Their upcoming plant sale will have something for every type of gardener, which members of the club have ensured by planting 130 flats of various seedlings. For those who are looking to add pops of color to their homes throughout the warm months, plenty of annuals will be available for purchase, like petunias, million bells, and marigolds. Ready-made planters will be just the thing for those who want the look but don't have the time to do their own planting. Vegetable and herb plants will be available for kitchen witches who love making summer salads and preserving summer's bounty by canning vegetables or drying herbs to enjoy in the winter months. For gardeners who focus on the long-term possibilities of their landscapes, perennials will be for sale.
"I love perennials," Deakin says. "It takes planning, but you can plant your garden so that something is always blooming, from early spring into late autumn."
However, it's not just variety and healthy plants that Deakin, Wiser and the other ladies from the Bud n' Bloom Garden club are offering to their customers.

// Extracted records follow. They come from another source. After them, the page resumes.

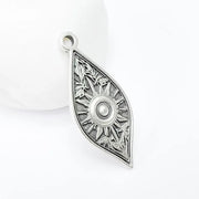 Capture the essence of nature with this exquisite antique silver plated leaf pendant. Featuring a beautiful sunburst design at its center and delicate floral patterns, this charm is perfect for crafting stunning necklaces, bracelets, or earrings. Made from high-quality materials with an antique finish, this pendant is ideal for DIY enthusiasts and jewelry makers looking to add a unique touch to their creations. Elevate your designs with this artistic and elegant component that embodies a bohemian spirit.
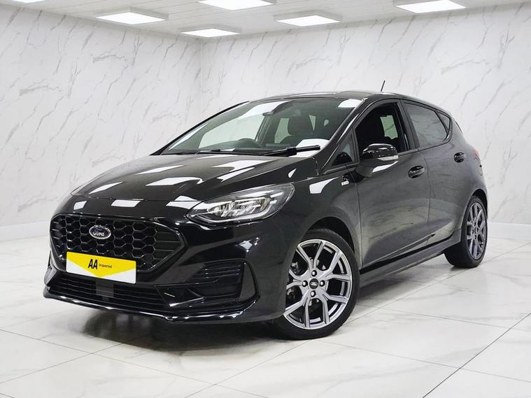 This 2023 Ford Fiesta ST-Line Edition offers peace of mind with a clear vehicle history check and a 12 month MOT provided on purchase. This stylish hatchback is equipped with a responsive 1.0L petrol engine and meets Euro 6 emissions standards. Inside, youll find manual air conditioning for your comfort, and the Ford Navigation System with Ford SYNC 3, which seamlessly integrates with Apple CarPlay and Android Auto, keeping you connected and on track. The ST-Line Edition also benefits from automatic LED projector headlights with daytime running lights and rear parking distance sensors, making every journey easier. The inclusion of LED projector headlights with daytime running lights and automatic headlights signifies a higher level of visibility and convenience compared to many other vehicles. Furthermore, the integration of Apple CarPlay and Android Auto through the Ford SYNC 3 system, alongside the Ford Navigation System and FordPass Connect, demonstrates a more advanced and connected driving experience. These features, combined with the practical rear parking distance sensors and the efficient 1.0L petrol engine, make this 2023 Ford Fiesta ST-Line Edition a well equipped and appealing choice.
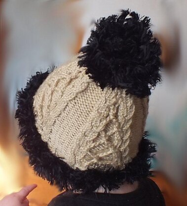 I used the Cindwood 3/8" gauge 72 peg loom to show how to make this project but used a chart to show how you can make this on major brand hat looms to make this hat. I have video for the 8 stitch cable set and photo for the 4 stitch cable set. There is detailed instructions and multiple ways to understand what is going on with this pattern. This pattern uses an I-cord to achieve the vine section so you may want to loom it or crochet a cord. Didn't use much when it comes to the simple soft caron yarn. I also used red heart fur on the brim and pom pom. This is optional and I did not show instructions for it. You may choose to use another yarn to make a fur brim. This part is open to your creativity. I would say this is an intermediate/advanced pattern.

They're also willing to share their experiences and expertise.
"There will be workshops both days," Deakin says. "There will be a container gardening workshop Saturday and Sunday, and a succulent wreath workshop on Saturday. There will be garden walks scheduled for both days."
These garden walks will take guests on a tour of Deakin's own private garden, which is only available for public viewing during these two special days. Deakin and her husband James have spent years cultivating their property into a gardener's Wonderland, complete with fruit trees, a shade garden, over 200 varieties of roses and a 2,500-plus bulb daffodil meadow. But Deakin is careful not to call her hobby "work."
"I don't think of it as working and I don't like when people call it that," she says. "It's not work if you love doing it."
It's obvious that these 20 women love what they do. Several sub-committees were formed within the Bud n' Bloom Garden Club to help organize the plant sale. While Deakin is in charge of all the planting of seeds and transplanting of seedlings, Kawski handles all the labeling, arranging and organizing of the plants for the sale. Another member, Janet Arnold, heads a committee that takes care of sales, while member Phyllis Steinberg's committee will coordinate all the publicity.
Even with all the planning and efforts of the club members, though, Deakin explains that they get vital outside help from community partners, family and friends.
"We couldn't do this without my sister, Deborah Kwasniewski," Deakin says. "She donates greenhouse space to us."
Kwasniewski owns Taylor Greenhouses, and without that safe shelter, the club's seedlings would never make it to the sale. Kwasniewski also makes sure that the club's seedlings get all the heat, food and water they need to grow strong and healthy. Other businesses who lend a green-thumbed hand include Mike's Nursery in Lakewood, Westfield Nursery, M & R Greenhouses and Glen Acres Nursery in Fredonia, who have each generously donated a shrub to be raffled at the plant sale. Raffle tickets can be purchased from any club member or at Literacy Volunteers for $1 each or six for $5. Literacy volunteers help out by staffing the sale alongside all 20 members of the garden club.
The Bud n' Bloom Garden Club and the Literacy Volunteers of Chautauqua County are thankful for the efforts of the members of the community who have supported them in the past and who will continue to support them in the future. The club looks forward to greeting this year's "crop" of gardeners at the plant sale, teaching them about container gardens and succulents, and leading them on the special once-a-year tours through Deakin's Edenic garden. For old pros and fresh ground-breakers alike, this plant sale is the ideal way to start spring and "get growing" with garden plans.